Please refer to this answer "bash - How do I set up an email alert when a ssh login is successful? - Ask Ubuntu" for a similar request.
Indeed in the script only a limited subset on the environment variables is available:
LANGUAGE=en_US.UTF-8
PAM_USER=bitnami
PAM_RHOST=192.168.1.17
PAM_TYPE=open_session
PAM_SERVICE=sshd
PAM_TTY=ssh
LANG=en_US.UTF-8
LC_ALL=en_US.UTF-8
PWD=/
If you want to get the user info from authorized_keys this script could be helpful:
#!/bin/bash
# Get user from authorized_keys
# pam_exec_login.sh
# * [ssh - What is the SHA256 that comes on the sshd entry in auth.log? - Server Fault](https://serverfault.com/questions/888281/what-is-the-sha256-that-comes-on-the-sshd-entry-in-auth-log)
# * [bash - How to get all fingerprints for .ssh/authorized_keys(2) file - Server Fault](https://serverfault.com/questions/413231/how-to-get-all-fingerprints-for-ssh-authorized-keys2-file)
# Setup log
b=$(basename $0| cut -d. -f1)
log="/tmp/${b}.log"
function timeStamp () {
echo "$(date '+%b %d %H:%M:%S') ${HOSTNAME} $b[$$]:"
}
# Check if opening a remote session with sshd
if [ "${PAM_TYPE}" != "open_session" ] || [ $PAM_SERVICE != "sshd" ] || [ $PAM_RHOST == "::1" ]; then
exit $PAM_SUCCESS
fi
# Get info from auth.log
authLogLine=$(journalctl -u ssh.service |tail -100 |grep "sshd\[${PPID}\]" |grep "${PAM_RHOST}")
echo ${authLogLine} >> ${log}
PAM_USER_PORT=$(echo ${authLogLine}| sed -r 's/.*port (.*) ssh2.*/\1/')
PAM_USER_SHA256=$(echo ${authLogLine}| sed -r 's/.*SHA256:(.*)/\1/')
# Get details from .ssh/authorized_keys
authFile="/home/${PAM_USER}/.ssh/authorized_keys"
PAM_USER_authorized_keys=""
while read l; do
if [[ -n "$l" && "${l###}" = "$l" ]]; then
authFileSHA256=$(ssh-keygen -l -f <(echo "$l"))
if [[ "${authFileSHA256}" == *"${PAM_USER_SHA256}"* ]]; then
PAM_USER_authorized_keys=$(echo ${authFileSHA256}| cut -d" " -f3)
break
fi
fi
done < ${authFile}
if [[ -n ${PAM_USER_authorized_keys} ]]
then
echo "$(timeStamp) Local user: ${PAM_USER}, authorized_keys user: ${PAM_USER_authorized_keys}" >> ${log}
else
echo "$(timeStamp) WARNING: no matching user in authorized_keys" >> ${log}
fi
I am the author of the OP; I came to the conclusion that what I need to achieve is not possible using SSH only to the date (OpenSSH_6.9p1 Ubuntu-2, OpenSSL 1.0.2d 9 Jul 2015), but I found a great piece of software that uses encrypted SPAuthentication to open SSH port and it's new version (to the date of this post, it's GitHub master branch) has a feature to execute a command always that a user authorizates successfully.
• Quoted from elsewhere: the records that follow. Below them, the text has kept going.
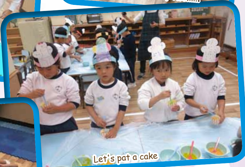
Let's pat a cake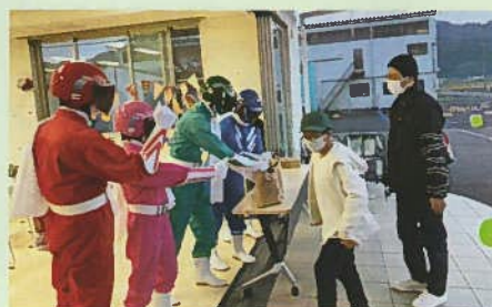
地区民から食品を受け取るワケルンジャー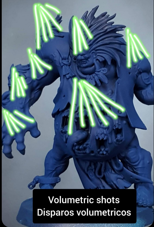
Volumetric shots Disparos volumetricos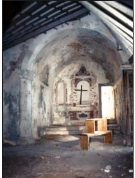
Unutrašnjost kapelice (pogled prema istoku)

špilji i načinjen je preliv viška vode iz bazena u cisternu ispred špilje. U samostanu je svojevremeno živjelo mnogo ljudi, sve do 1945. kada je samostan spaljen. Od tada je samostan napušten. Ostali su samo kameni zidovi koji se vide iz daljine. Dio samostana u špilji – kapelica i bazen s vodom – i danas su u razmjerno dobrom stanju pa ih često posjećuju turisti iz Murvice.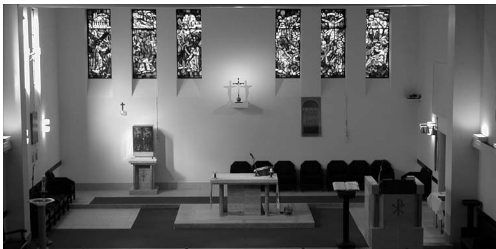
A megújult szentély

Az első átalakítással „helyére került” a szentély, immár a liturgiának megfelelő pozícióban van az oltár, a tabernákulum, a szószék és a papi szék is. Rendezett helyük van a ministránsoknak, a schola is méltó helyen vehet részt a liturgiában.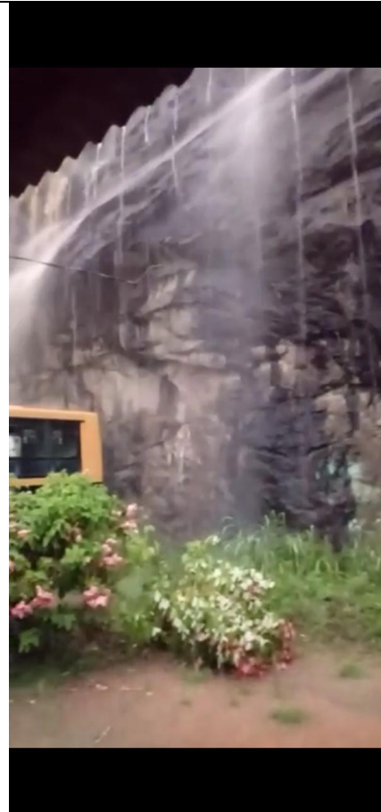
Foto 2. Escoamento de Águas Pluviais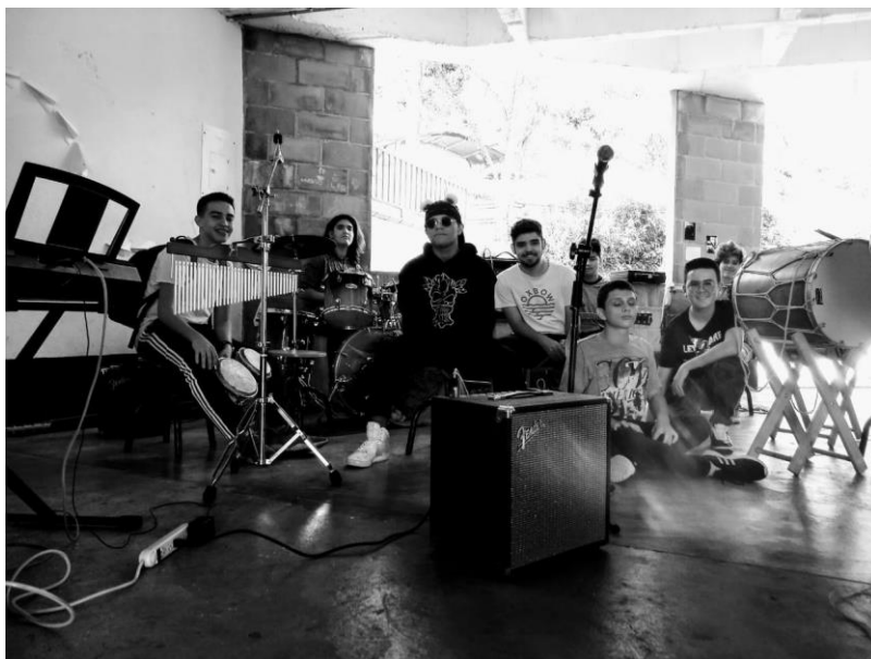
Grupo especial de música de bachillerato que participó durante el Festival artístico soleirano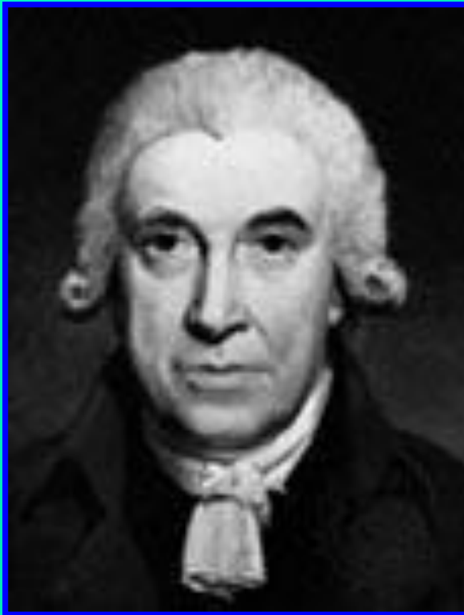
Уатт Джеймс (1736-1819) шотландский инженер и изобретатель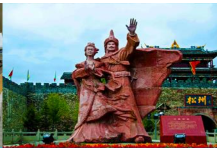
เมืองโบราณชงพาน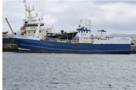
Erling © Guðmundur St. Valdimarsson . LHG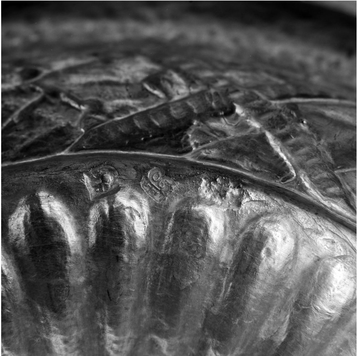
Détail : poinçon de la date (1790) et poinçon d' un maître-orfèvre tournaisien (non identifié), insculpés sur le talon.

FWKNOP - Encrypted Single Packet Authorization
FWKNOP set iptables rules that allow access to given ports upon a single packet encrypted which is sent via UDP. Then after authorization it allow access for the authorized user for a given time, for example 30 seconds, closing the port after this, leaving the connection open.
1. To install on an Ubuntu linux:
The current version (2.6.0-2.1build1) on Ubuntu repositories to the date still doesn't allow command execution on successful SPA; (please use 2.6.8 from GitHub instead)
On client machine:
sudo apt-get install fwknop-client
On server side:
sudo apt-get install fwknop-server
Here is a tutorial on how to setup the client and server machines
https://help.ubuntu.com/community/SinglePacketAuthorization
Then, after it is set up, on server side:
Edit /etc/default/fwknop-server
Change the line START_DAEMON="no" to START_DAEMON="yes"
Then run:
sudo service fwknop-server stop
sudo service fwknop-server start
2. Warning admin on successful SPA (email, pushover script etc)
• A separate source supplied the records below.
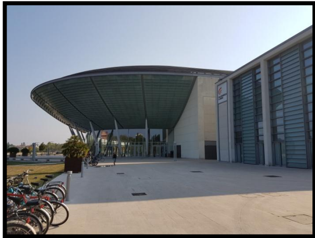
Centrum kongresowe w Rimini, fotografia w środku oraz z zewnątrz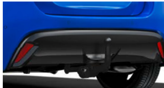
ANHÄNGEZUGVORRICHTUNG INKL. 13-POLIGEM E-SATZ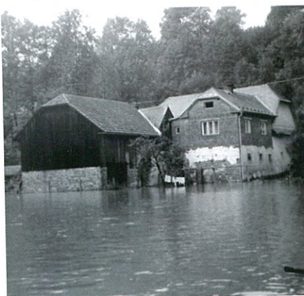
Povodeň 29. srpna 1970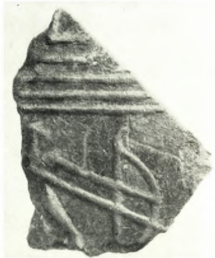
β. Τεμάχιον πλῆθος τῆς γεωμετρικῆς ἐποχῆς μετ' ἀναγλύπτου παραστάσεως τοξότου.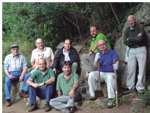
El Grup de Fonts avui i el 1982 a la Font de la Pastanaga. (Cedides per Pep Padrós i Jordi Torres)

La trajectòria del Grup de Fonts d'Argentona també ha rebut el primer reconeixement, en l'àmbit local, per part de Natura. Aquesta entitat que va néixer l'any 1977 i continua ben activa. Cada diumenge al matí una bona colla de socis es troben per mantenir en bones condicions una desena de déus de la vila.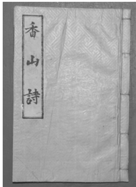
<그림 1> 세종 27년(1445) 간행의 초주갑인자본 『향산삼체법』의 표지 부분

판식은 ‘四周單邊 22.6×15.9cm, 有界, 9行15字, 黑口, 上下內向黑魚尾’이며, 총 42장 중 앞부분 1장-5장, 뒷부분 35장, 38장, 41장-42장에 결장이 있다. 표제는 첨체로 “香山詩”이고(<그림 1> 참조), 책의 권수제 부분과 끝부분에 있는 안평대군 이용의 발문은 떨어져 나갔다.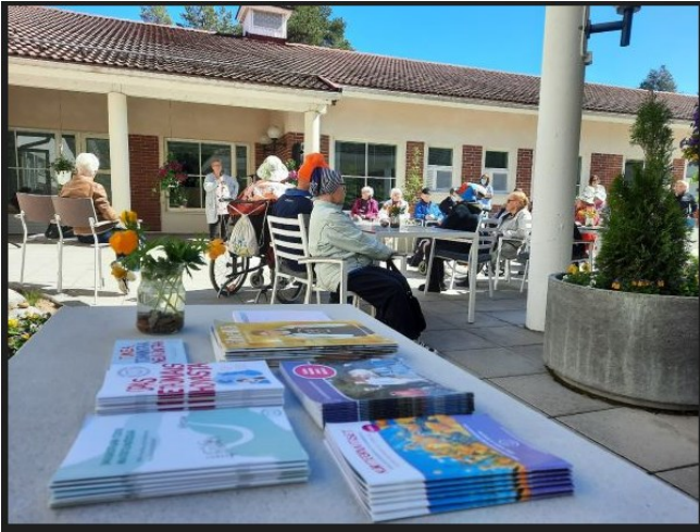
KUVA 3. Oulun seudun omaishoitajat ry (Hernberg 2022)

sanoi olevansa valmiina vastaamaan mieltä askarruttaviin, omaishoitoon liittyviin kysymyksiin. Yhdistyksellä oli myös esittelypöytä, jossa oli kirjallista materiaalia (KUVA 3).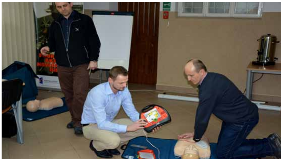
Urządzenie podpowiada głosem co należy zrobić, żeby podjąć działania adekwatne do stanu pacjenta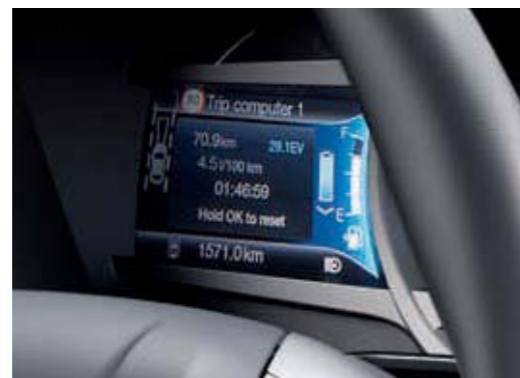
Wyświetlacz na tablicy zegarów samochodu z napędem hybrydowym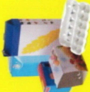
Cartons / Cardboards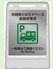
共同荷さばきスペース看板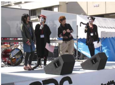
東キャンパスの様子

西 キャンパス 今年のテーマは「アラタ」 「アラタ」とは漢字で「新(しん)(あたらしい)」と書きます。また、それぞれの頭文字を取ると、「A・R・T」で「アート」になり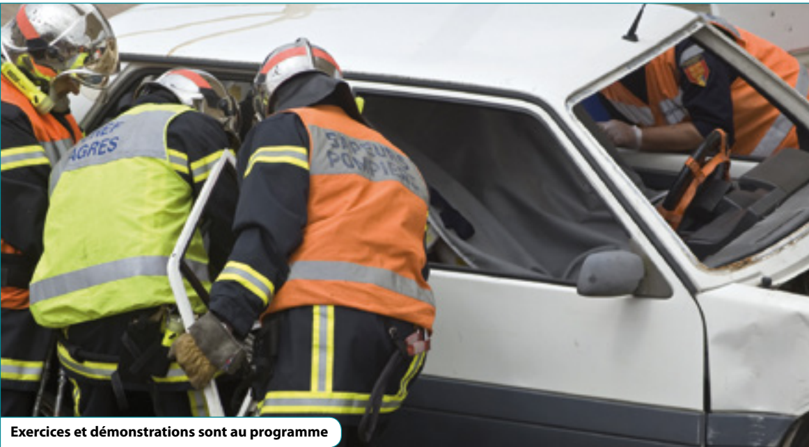
Exercices et démonstrations sont au programme

Journée de démonstrations et d'information samedi 24 juin de 10h00 à 18h00 au centre de secours rue Pascal.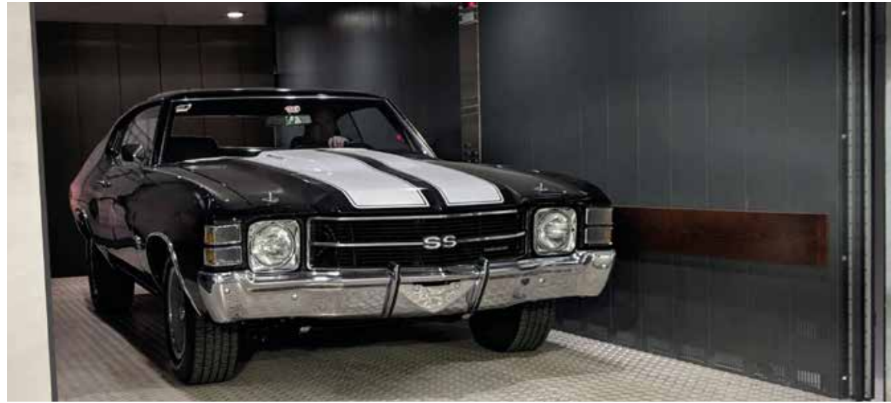
Producto comercializado en USA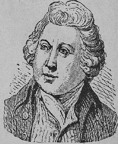
சர் றிச்சார்ட் ஆர்க்ரைட்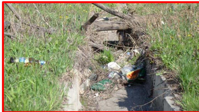
Не очищенная от мусора система водоотвода (водоотводные, прикромочные лотки, быстROTOки, нагорные канавы и т.д.)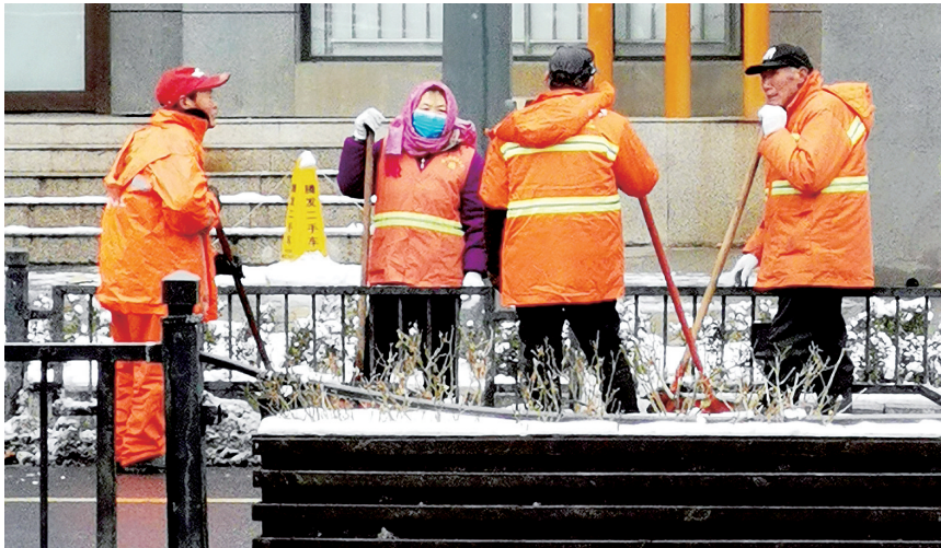
“橙色”铁军 1月16日清晨,郑州环卫工人们手持雪铲,集中清理人行道两侧积雪,一支“橙色”的清雪铁军展示着勇战风雪的豪情。 王勇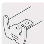
Gancho doble (excepto FH-3M)

So, as stated above the current version present in Ubuntu repositories (2.6.0-2.1build1) cannot execute command on successful SPA. If you need this feature as of the OP, but it will be released at fwknop version (2.6.8), as can it is stated here:
https://github.com/mrash/fwknop/issues/172
So if you need to use it right now you can build from github branch master which have the CMD_CYCLE_OPEN option.
3. More resources on fwknop
https://help.ubuntu.com/community/SinglePacketAuthorization
https://github.com/mrash/fwknop/ (project on GitHub)
http://www.cipherdyne.org/fwknop/ (project site)
https://www.digitalocean.com/community/tutorials/how-to-use-fwknop-to-enable-single-packet-authentication-on-ubuntu-12-04 (tutorial on DO's community)
I am the author of the OP. Also, you can implement a simple logwatcher as the following written in python3, which keeps reading for a file and executes a command when line contains pattern.
logwatcher.python3
#!/usr/bin/env python3
# follow.py
#
# Follow a file like tail -f.
import sys
import os
import time
def follow(thefile):
thefile.seek(0,2)
while True:
line = thefile.readline()
if not line:
time.sleep(0.5)
continue
yield line
if __name__ == '__main__':
logfilename = sys.argv[1]
pattern_string = sys.argv[2]
command_to_execute = sys.argv[3]
print("Log filename is: {}".format(logfilename))
logfile = open(logfilename, "r")
loglines = follow(logfile)
for line in loglines:
if pattern_string in line:
os.system(command_to_execute)
Usage
Make the above script executable:
chmod +x logwatcher.python3
Add a cronjob to start it after reboot
crontab -e
Then write this line there and save it after this:
#reboot /home/YOURUSERNAME/logwatcher.python3 "/var/log/auth.log" "session opened for user" "/sbin/myscript.sh"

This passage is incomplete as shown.